Wang Jing, owner of Beijing Interoceanic Canal Investment Management Company Photo: IC
Nicaraguan President Daniel Ortega and Chinese tycoon Wang Jing on Saturday said plans to start building a $40 billion canal across the Central American country were on track for late 2014.
Wang Jing's Beijing Interoceanic Canal Investment Management Company has secured the right to dig a waterway in Nicaragua that will rival the Panama Canal and be hugely significant to world trade if it is completed.
Ortega gave the group a concession to operate the future waterway for 50 years, renewable for another 50.
"The Nicaraguan government and HKND Group are pleased to confirm that canal construction work will begin as planned in December 2014," the two said in a brief statement.
HKND Group is a unit of holding company the HK Nicaragua Canal Development Investment
Their remarks appeared aimed at shooting down any idea of a delay. Nicaragua's Canal Authority chief Manuel Coronel Kautz recently was quoted as saying work would not start on the Nicaraguan waterway until 2015.
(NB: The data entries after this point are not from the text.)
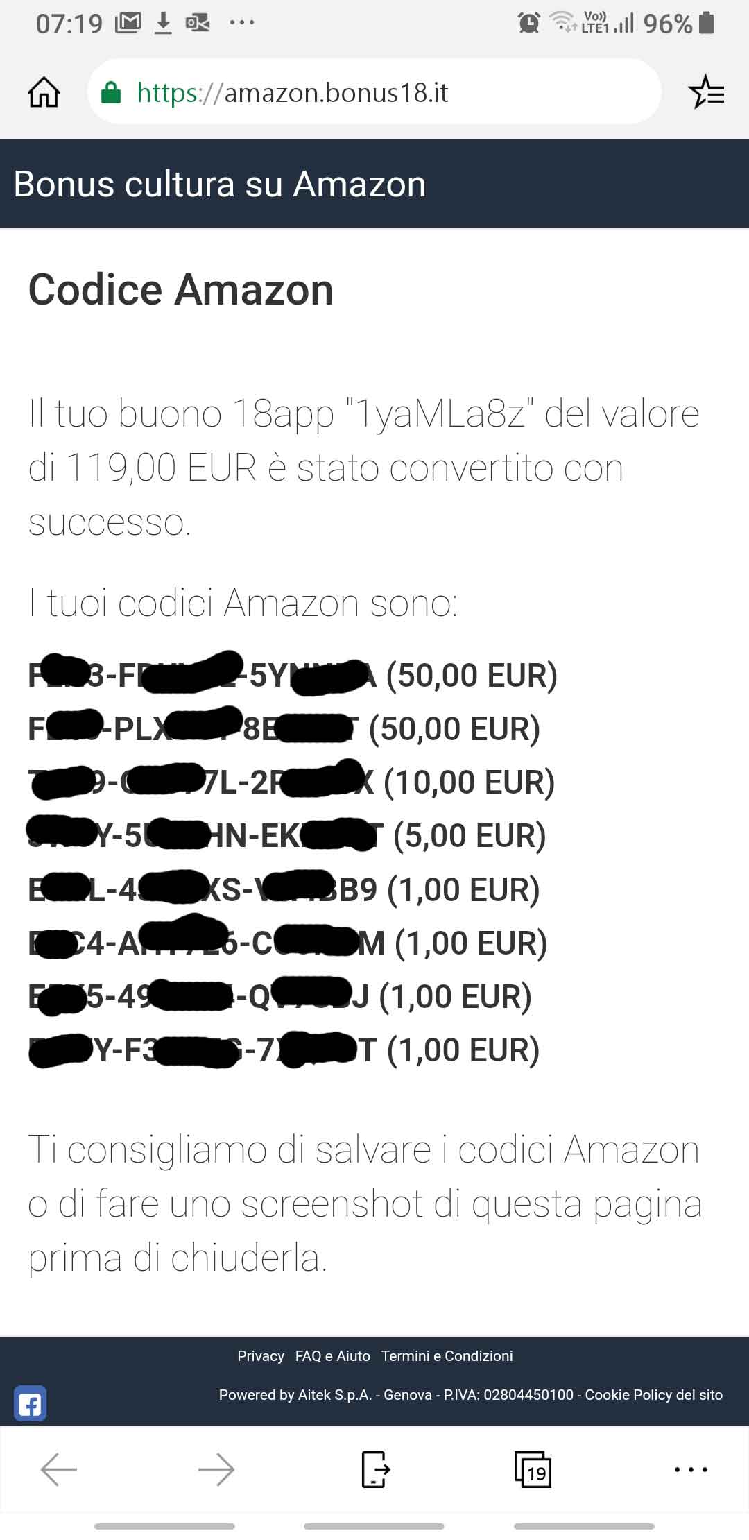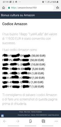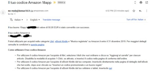 Quindi si deve convertire il buono ottenuto tramite la 18app in buono Amazon.
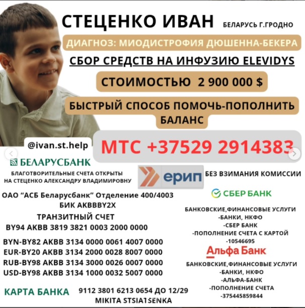 В социальных сетях родители мальчика не раз подчеркивали срочность сбора: сейчас у Вани кризисный возраст, в любой момент он может сесть в инвалидное кресло. Заболевание развивается стремительно, но ее еще можно остановить. Для этого нужен очень укол с дорогим препаратом стоимостью 2,9 миллиона долларов. Для родителей Вани такая сумма неподъемная, поэтому они решили организовать сбор средств на лечение своего сына.
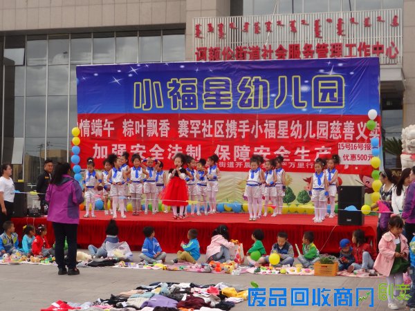6月18日,东胜区诃额伦街道赛罕社区联合爱心单位,开展小小志愿者卖萌献爱情暖端午志愿活动。赛罕社区联合大爱鄂尔多斯公益协会和小福星幼儿园开展小小志愿者文娱义演活动,在街道门前开展爱心义卖义捐活动,现场义卖物品包括八成新图书、生活用品、儿童玩具、志愿者亲手制作的民族手工饰品、粽子和凉糕、爱心衬衫等,义卖义捐收入的1512元作为扶贫济困公益金全部捐给需要救助的人。
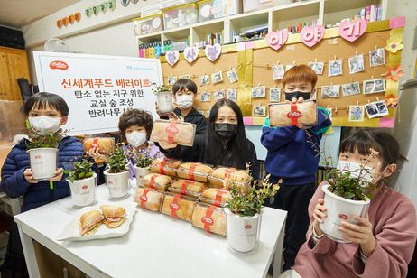 신세계푸드는 환경단체 트리플래닛과 함께 서울 광진구 군자동 한사랑지역아동센터에 ‘베러미트(Better Meat)’ 대체육 햄을 활용한 샌드위치와 반려나무를 기증했다고 4일 밝혔다.
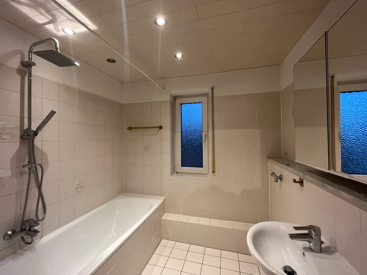 Geradeaus des Flures befindet sich das Tageslichtbadezimmer. Dieses ist mit einer Duschbadewanne ausgestattet und verfügt zudem über einen Waschmaschinenanschluss. An das Badezimmer angrenzend finden Sie die separate Toilette vor.
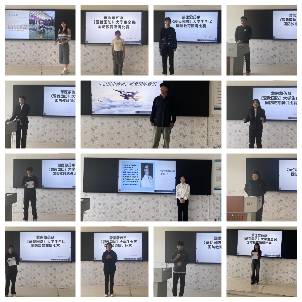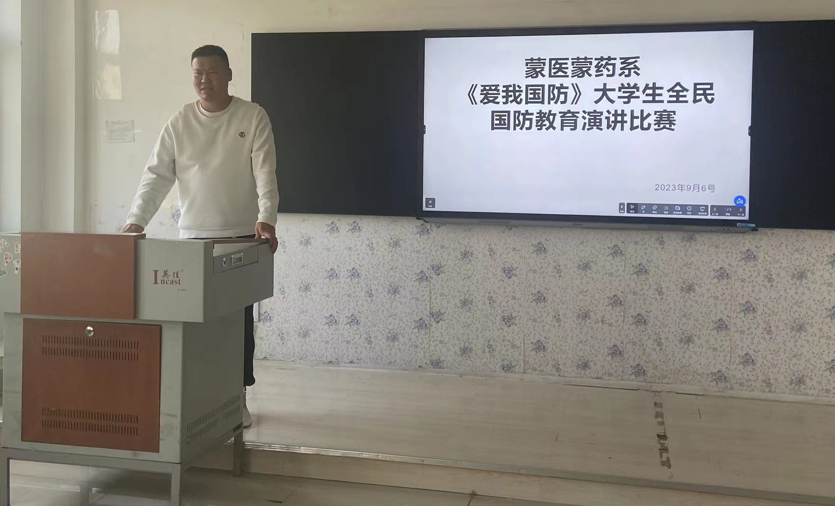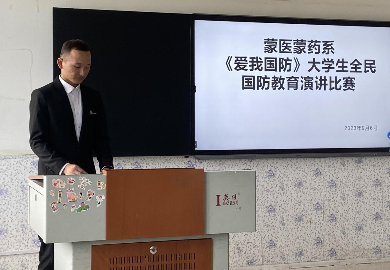 为全面贯彻党的二十大精神,深入贯彻习近平强军思想,认真学习领会习近平总书记关于加强全民国防教育的重要论述,不断增强大学生国防观念、国防素养和爱军尚武意识,为实现中国梦强军梦凝聚强大力量。9月6日,蒙医蒙药系于求真楼403教室举办“爱我国防”大学生全民国防教育演讲比赛初赛。本次比赛评审团由蒙医蒙药系团学办副主任阿希塔,一线专职辅导员李秀宇、白庆坤组成。

It is the biggest infrastructure project by far attempted under the government of Ortega. And it would have huge strategic value, potentially interrupting commerce in Panama's waterway between the Atlantic and Pacific.
Panama is expanding its century-old canal, and a massive project is running behind schedule.
The Panamanian upgrade aims to make its 80-kilometer (50-mile) waterway, which handles 5 percent of global maritime trade, big enough to handle new cargo ships that can carry 12,000 containers.
That project is costing $5.2 billion, including a third set of locks for the canal which currently welcomes ships that carry up to 5,000 containers.
Feasibility studies are underway in Nicaragua. But it is not yet known how the future canal might be built in mechanical and logistical terms, if it gets a final green light.